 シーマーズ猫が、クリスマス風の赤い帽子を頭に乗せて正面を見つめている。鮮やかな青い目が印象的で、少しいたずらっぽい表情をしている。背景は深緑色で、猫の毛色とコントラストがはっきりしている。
* * *
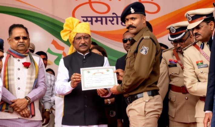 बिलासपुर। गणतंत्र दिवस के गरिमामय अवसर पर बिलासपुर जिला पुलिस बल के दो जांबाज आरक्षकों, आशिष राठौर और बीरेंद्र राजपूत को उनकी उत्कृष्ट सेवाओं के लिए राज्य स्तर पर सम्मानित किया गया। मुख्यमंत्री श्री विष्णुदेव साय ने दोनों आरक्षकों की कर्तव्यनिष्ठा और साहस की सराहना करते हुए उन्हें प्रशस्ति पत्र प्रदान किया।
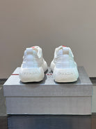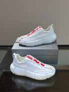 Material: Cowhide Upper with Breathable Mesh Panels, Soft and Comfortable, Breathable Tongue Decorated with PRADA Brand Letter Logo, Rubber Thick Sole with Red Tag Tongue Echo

## [Task goal]
In the data above, find the line containing "बिलासपुर। गणतंत्र दिवस" and the line containing "Material: Cowhide Upper". Copy exactly the stretch from the first through the second, both included, leaving out any picture.

## [Answer space]
 बिलासपुर। गणतंत्र दिवस के गरिमामय अवसर पर बिलासपुर जिला पुलिस बल के दो जांबाज आरक्षकों, आशिष राठौर और बीरेंद्र राजपूत को उनकी उत्कृष्ट सेवाओं के लिए राज्य स्तर पर सम्मानित किया गया। मुख्यमंत्री श्री विष्णुदेव साय ने दोनों आरक्षकों की कर्तव्यनिष्ठा और साहस की सराहना करते हुए उन्हें प्रशस्ति पत्र प्रदान किया।
 Material: Cowhide Upper with Breathable Mesh Panels, Soft and Comfortable, Breathable Tongue Decorated with PRADA Brand Letter Logo, Rubber Thick Sole with Red Tag Tongue Echo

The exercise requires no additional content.